● The problem: Only the lines below from the one that holds "Cafe(フェミニンカフェ) レディース リボン付きパンプス" through the one that holds "En la colocación" should appear in the answer, copied exactly, end lines included and pictures omitted.

● Source information:
● ● ●
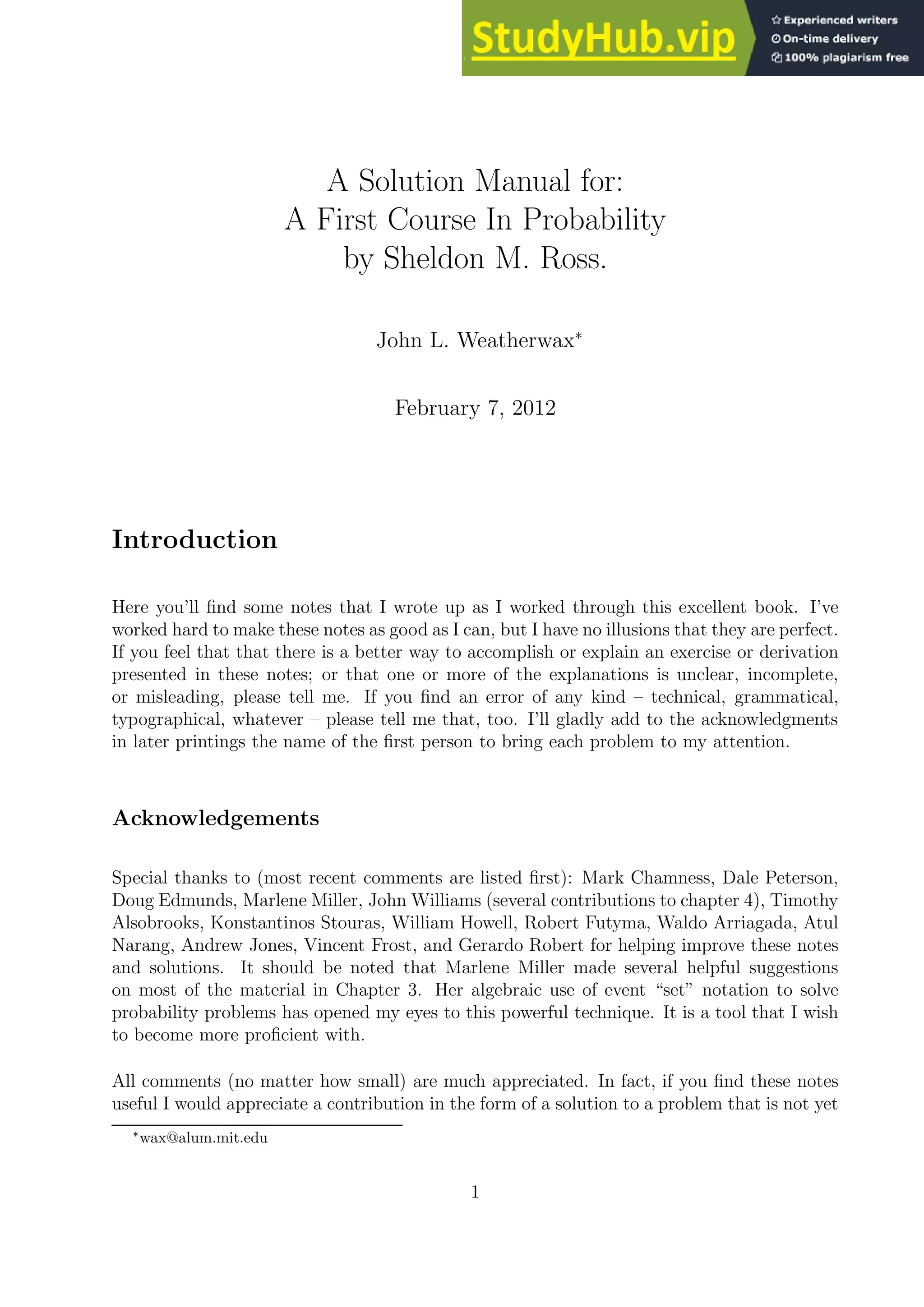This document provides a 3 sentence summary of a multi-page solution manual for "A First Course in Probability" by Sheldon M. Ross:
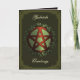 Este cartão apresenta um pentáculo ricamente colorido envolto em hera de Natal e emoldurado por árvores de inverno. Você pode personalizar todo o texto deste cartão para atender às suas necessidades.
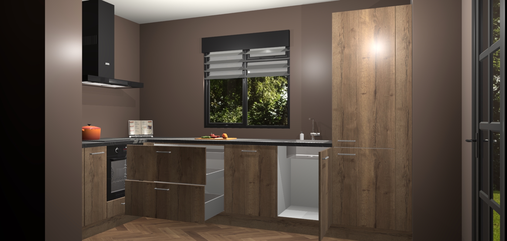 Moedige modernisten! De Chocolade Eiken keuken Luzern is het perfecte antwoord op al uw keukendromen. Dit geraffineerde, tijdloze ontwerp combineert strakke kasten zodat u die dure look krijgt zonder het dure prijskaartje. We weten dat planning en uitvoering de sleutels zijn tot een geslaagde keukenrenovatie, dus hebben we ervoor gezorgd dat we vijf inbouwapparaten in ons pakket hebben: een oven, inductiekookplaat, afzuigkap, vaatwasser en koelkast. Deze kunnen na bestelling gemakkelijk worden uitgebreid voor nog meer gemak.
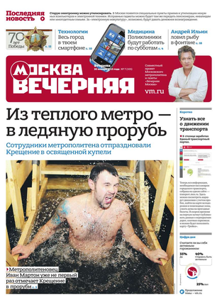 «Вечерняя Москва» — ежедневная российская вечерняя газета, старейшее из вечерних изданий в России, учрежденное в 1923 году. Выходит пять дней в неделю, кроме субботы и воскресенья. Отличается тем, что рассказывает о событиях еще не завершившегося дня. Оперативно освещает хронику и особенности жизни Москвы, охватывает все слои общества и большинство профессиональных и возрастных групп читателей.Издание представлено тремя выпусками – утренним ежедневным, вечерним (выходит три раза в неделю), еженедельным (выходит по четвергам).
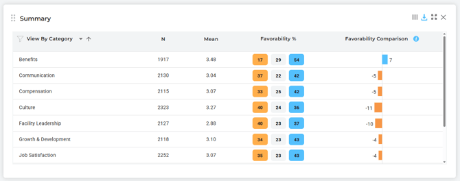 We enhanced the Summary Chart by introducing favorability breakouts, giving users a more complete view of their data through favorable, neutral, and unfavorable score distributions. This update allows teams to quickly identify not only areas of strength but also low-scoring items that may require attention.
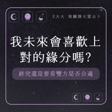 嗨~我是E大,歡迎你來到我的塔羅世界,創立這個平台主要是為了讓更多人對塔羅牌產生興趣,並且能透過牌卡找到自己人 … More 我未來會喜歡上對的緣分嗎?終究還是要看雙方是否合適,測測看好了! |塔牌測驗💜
● ● ●
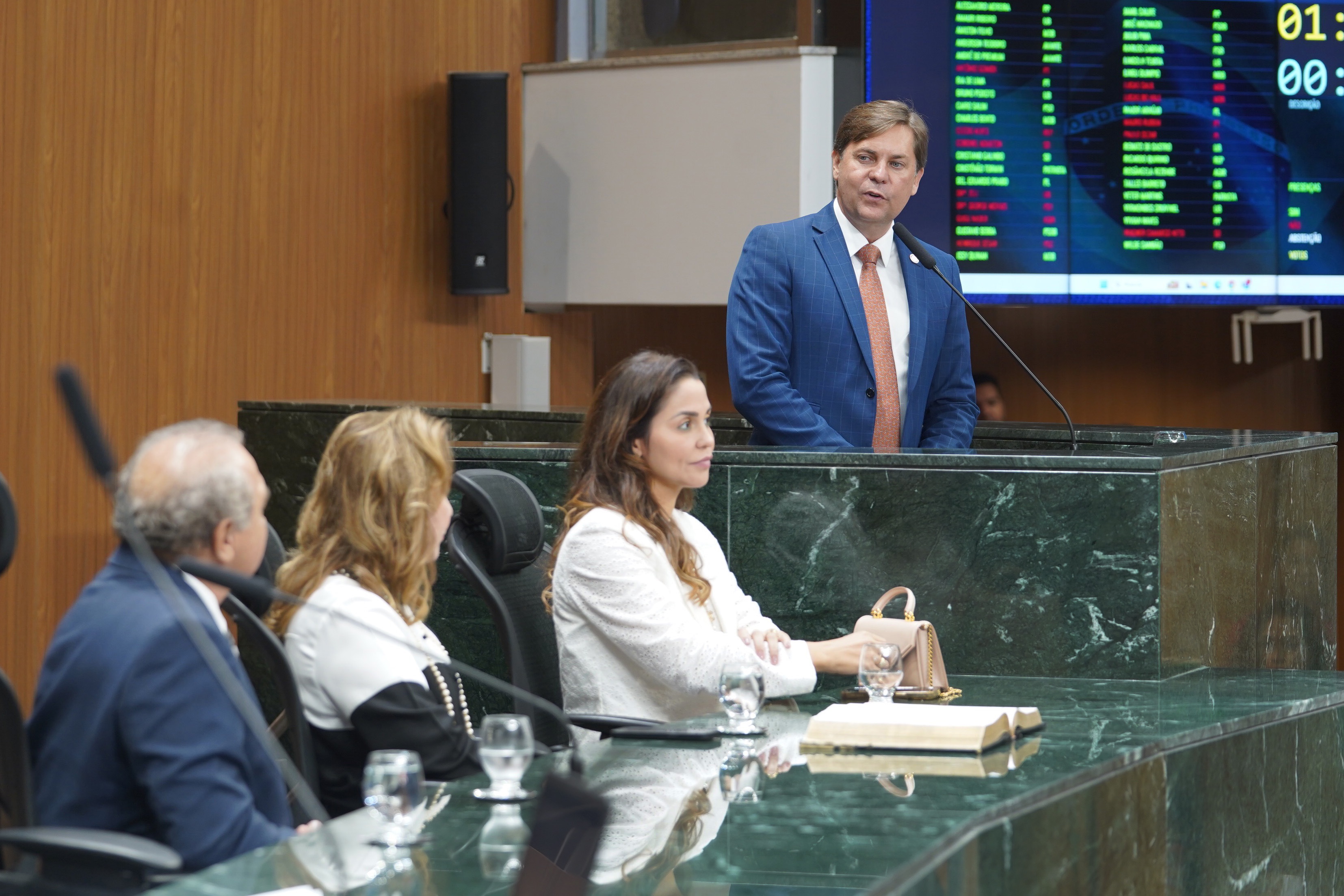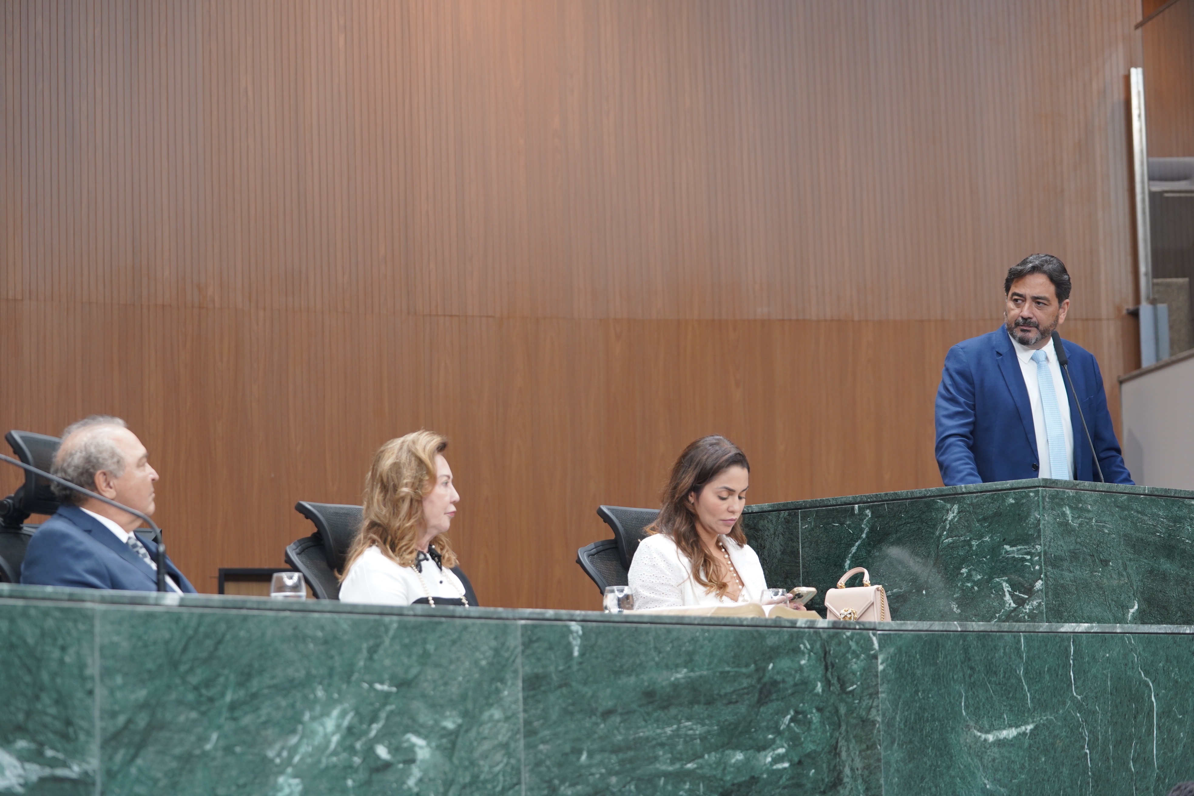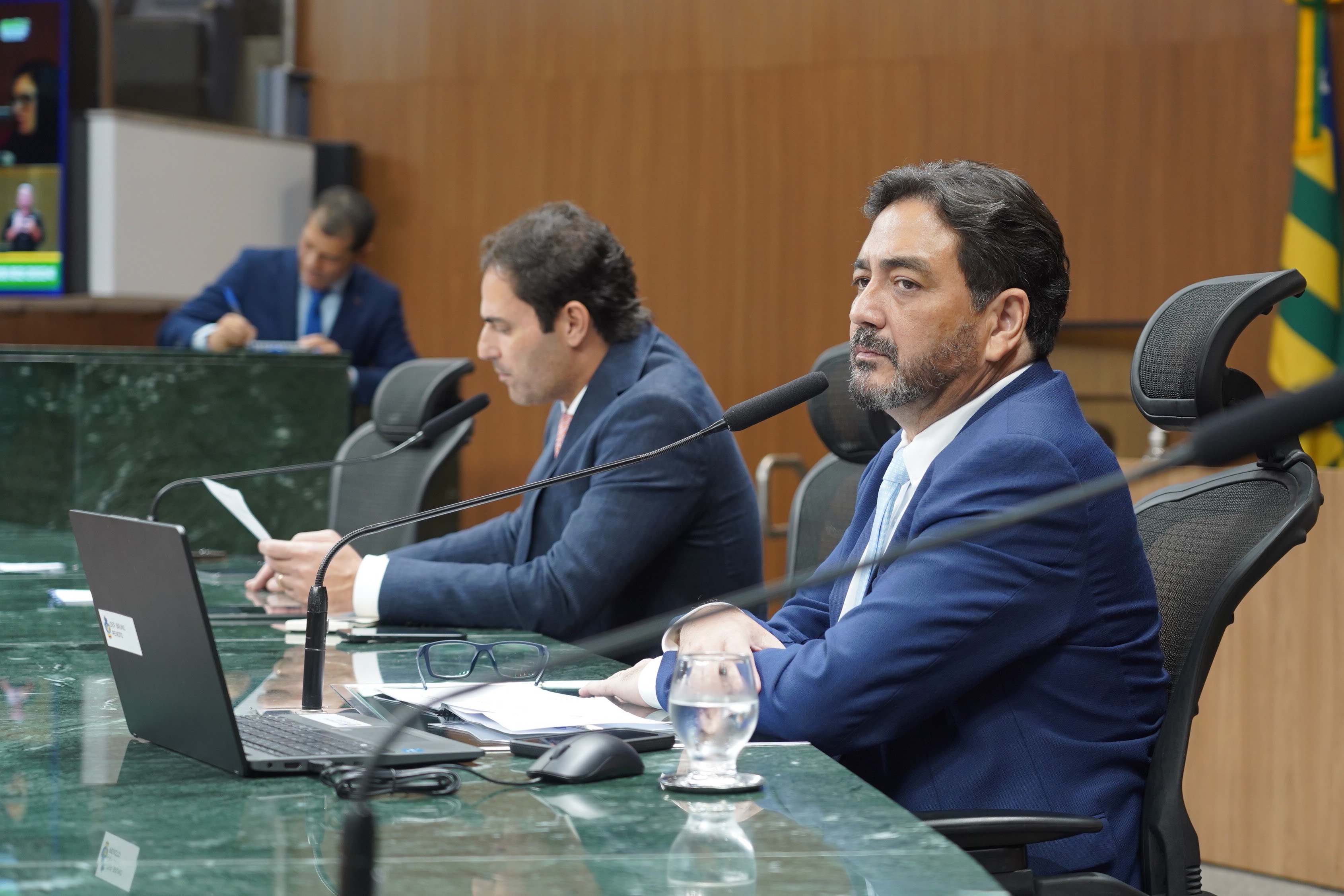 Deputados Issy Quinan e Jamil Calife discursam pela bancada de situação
● ● ●
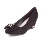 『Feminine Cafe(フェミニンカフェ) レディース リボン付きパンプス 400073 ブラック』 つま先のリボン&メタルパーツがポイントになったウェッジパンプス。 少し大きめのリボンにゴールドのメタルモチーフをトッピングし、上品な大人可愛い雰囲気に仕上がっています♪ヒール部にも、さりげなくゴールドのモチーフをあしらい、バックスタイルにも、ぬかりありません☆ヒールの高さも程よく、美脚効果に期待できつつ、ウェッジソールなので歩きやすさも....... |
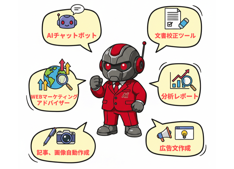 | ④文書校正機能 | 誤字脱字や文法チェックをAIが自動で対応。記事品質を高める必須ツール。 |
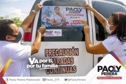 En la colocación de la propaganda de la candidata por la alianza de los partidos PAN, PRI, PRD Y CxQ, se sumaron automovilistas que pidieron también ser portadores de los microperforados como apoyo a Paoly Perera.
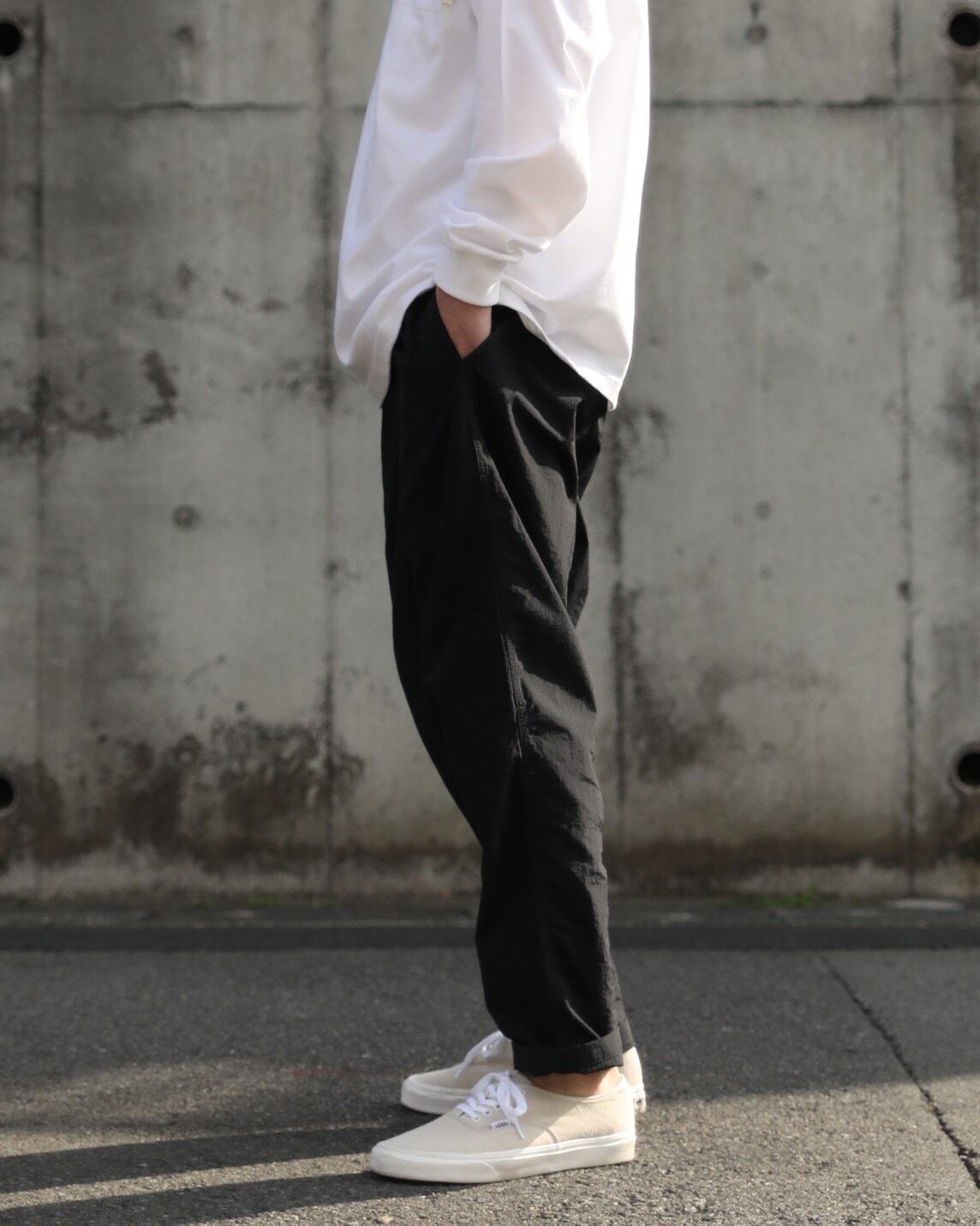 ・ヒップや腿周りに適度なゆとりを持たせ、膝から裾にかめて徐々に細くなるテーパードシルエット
● ● ●
● Answer:
 『Feminine Cafe(フェミニンカフェ) レディース リボン付きパンプス 400073 ブラック』 つま先のリボン&メタルパーツがポイントになったウェッジパンプス。 少し大きめのリボンにゴールドのメタルモチーフをトッピングし、上品な大人可愛い雰囲気に仕上がっています♪ヒール部にも、さりげなくゴールドのモチーフをあしらい、バックスタイルにも、ぬかりありません☆ヒールの高さも程よく、美脚効果に期待できつつ、ウェッジソールなので歩きやすさも....... |
 | ④文書校正機能 | 誤字脱字や文法チェックをAIが自動で対応。記事品質を高める必須ツール。 |
 En la colocación de la propaganda de la candidata por la alianza de los partidos PAN, PRI, PRD Y CxQ, se sumaron automovilistas que pidieron también ser portadores de los microperforados como apoyo a Paoly Perera.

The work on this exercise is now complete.